Keys: - Composite primary key: (build_id, node_type, node_id, interval_id)

Foreign keys: - build_id -> ig_act_build.build_id

Invariants: - Child rows are scoped to one build_id. - observations_json and legal_updates_json store JSON arrays.

ig_content_blob

Contains: - Serialized payload rows keyed by build, content version, and node type.

Purpose: - Normalized content payload rows by content version + node type.

Keys: - Composite primary key: (build_id, content_version_id, node_type)

Foreign keys: - build_id -> ig_act_build.build_id

Invariants: - payload_json stores serialized JSON content.

ig_metadata_delta

Contains: - Effective-date metadata patch rows (set_json / unset_json) per build.

Purpose: - Canonical metadata deltas keyed by effective date.

Keys: - Composite primary key: (build_id, effective_date)

Foreign keys: - build_id -> ig_act_build.build_id

Invariants: - set_json and unset_json store serialized JSON payloads.

Missing-Interval Snapshot Tables

ig_missing_interval_meta

Contains: - Snapshot header rows describing one missing-interval hint snapshot run.

Purpose: - Snapshot metadata header for missing-interval hints.

Keys: - Primary key: meta_id

Foreign keys: - run_id -> ig_run.run_id (nullable) - Referenced by ig_missing_interval.meta_id

Invariants: - complete check constraint: complete IN (0, 1). - Snapshot links digest metadata for download/ingest manifests.

ig_missing_interval

Contains: - Snapshot detail rows for each missing interval observation.

Purpose: - Snapshot detail rows for missing intervals.

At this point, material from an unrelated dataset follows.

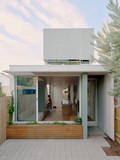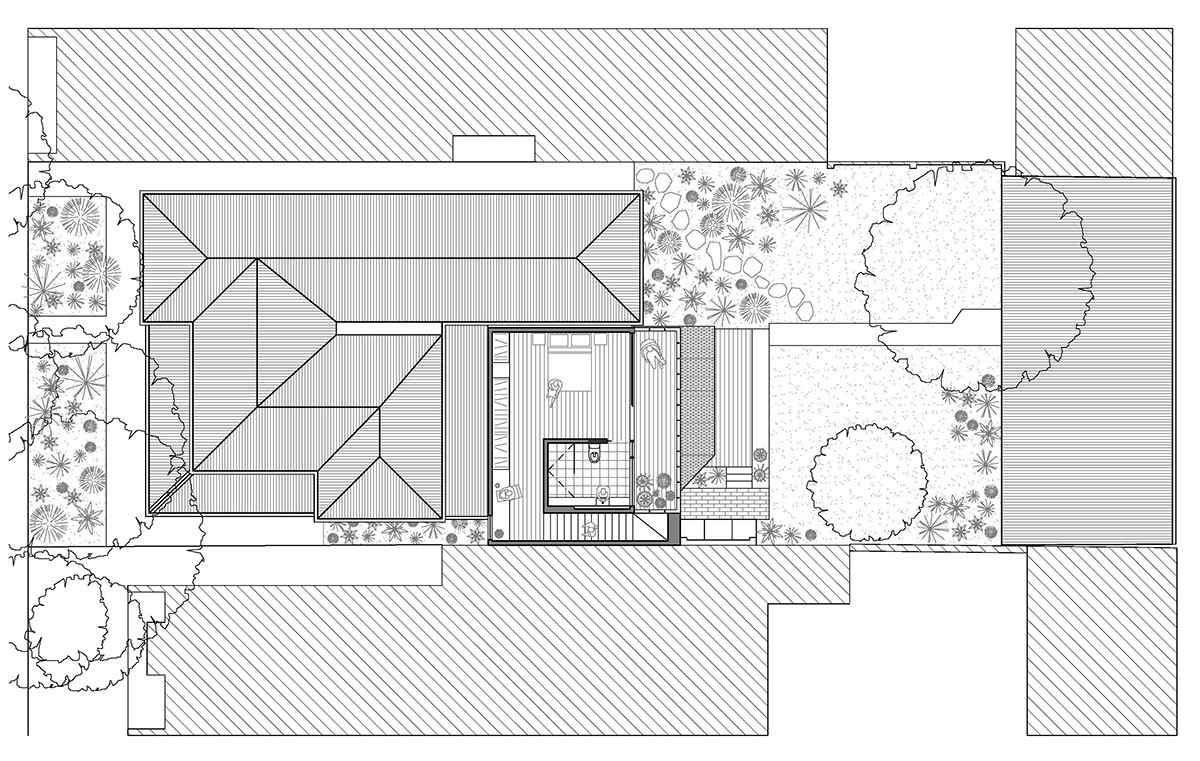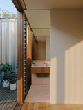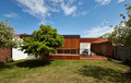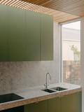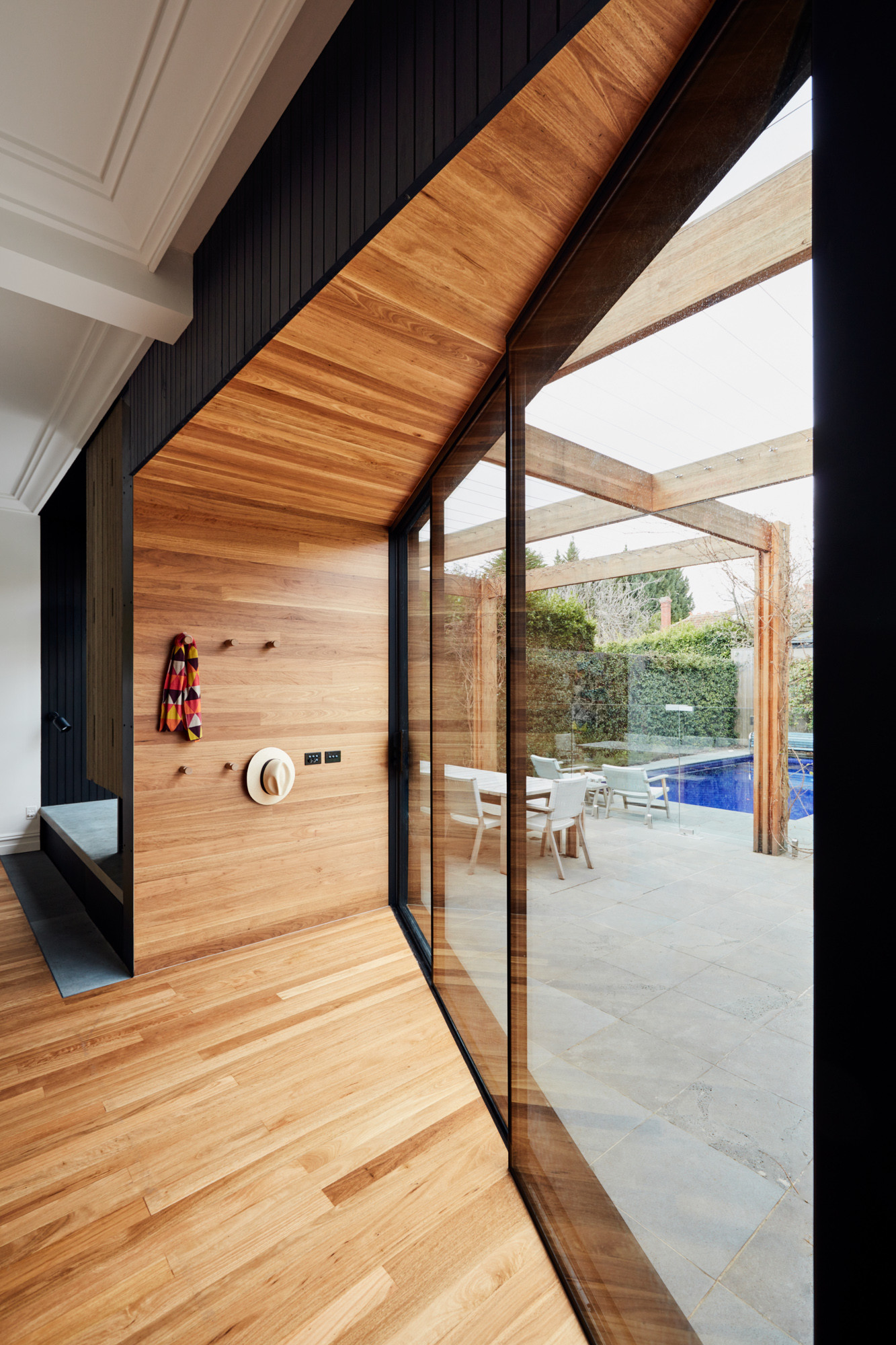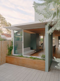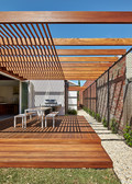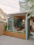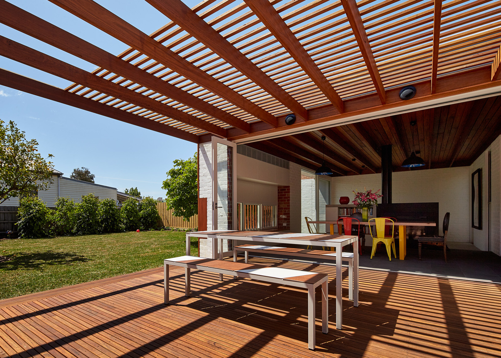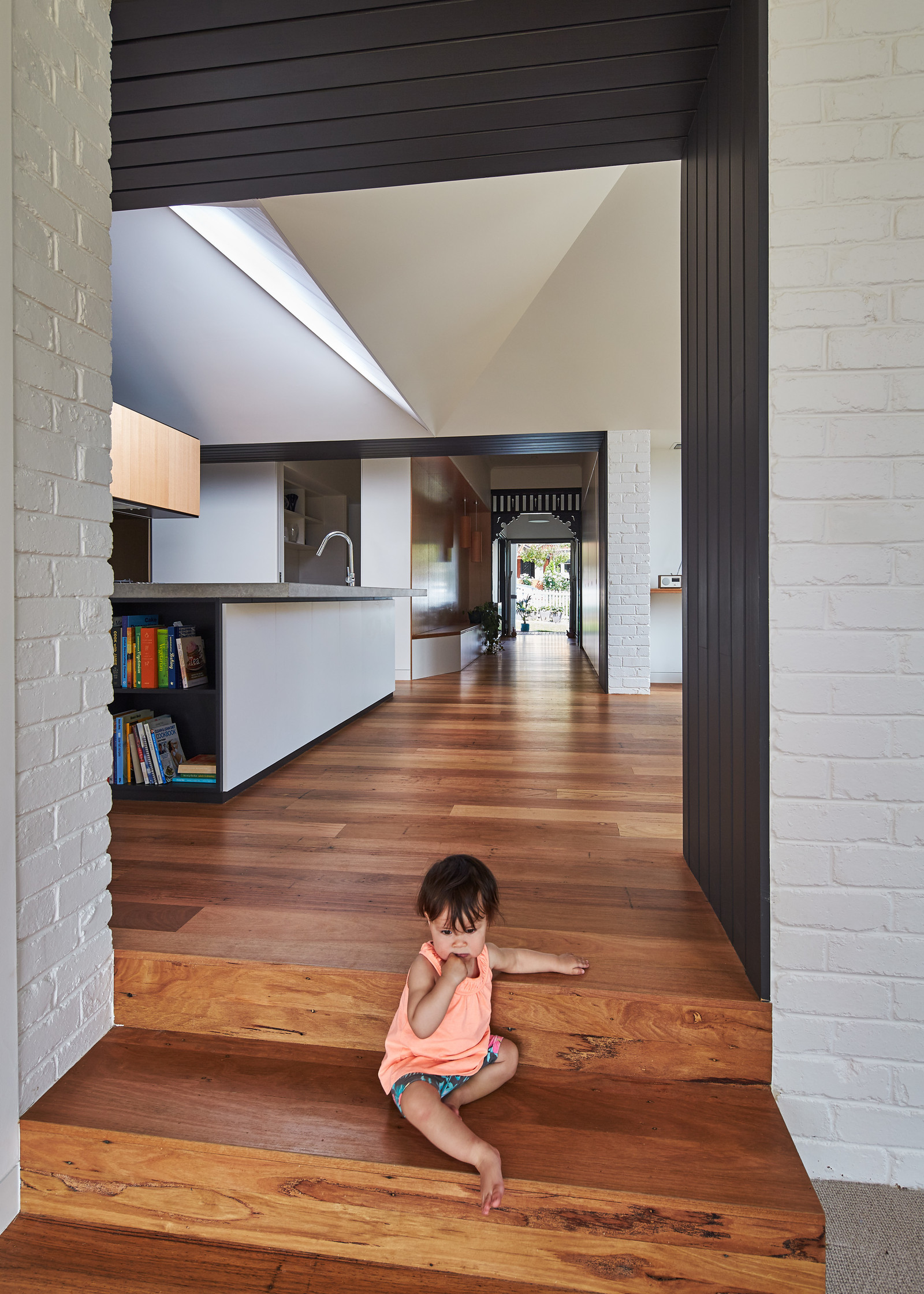 This project demonstrates the power of a geometric aberration. Located in Warracknabeal, the birthplace of Nick Cave, the original house was designed by Peter Staughton, later extended by his sons Stephen and James. Where the work of the two generations meet, their geometries find a moment of distinct discomfort. Rather than seeking harmonious resolution, brothers Staughton lean-in, brutally highlighting the disjunct with a coat of retro-reflective film to catch the headlights of passing cars.

Keys: - Primary key: interval_row_id

Foreign keys: - meta_id -> ig_missing_interval_meta.meta_id - source_ref_id -> ig_source_ref.source_ref_id - act_id -> ig_act.act_id (nullable)

Invariants: - Runtime contract requires interval_row_id column to exist. - Rows are grouped by source publication identity (source_ref_id). - urn_nir is optional payload context in snapshot rows.

Cross-Table Contract Notes

  • build_id is the internal join key for canonical output child tables.
  • urn_nir is the canonical act identifier in ig_act.
  • source_ref_id is the primary key surface for incremental/version checkpoints.
  • No foreign keys connect ingest_manifest.db to download_manifest.db.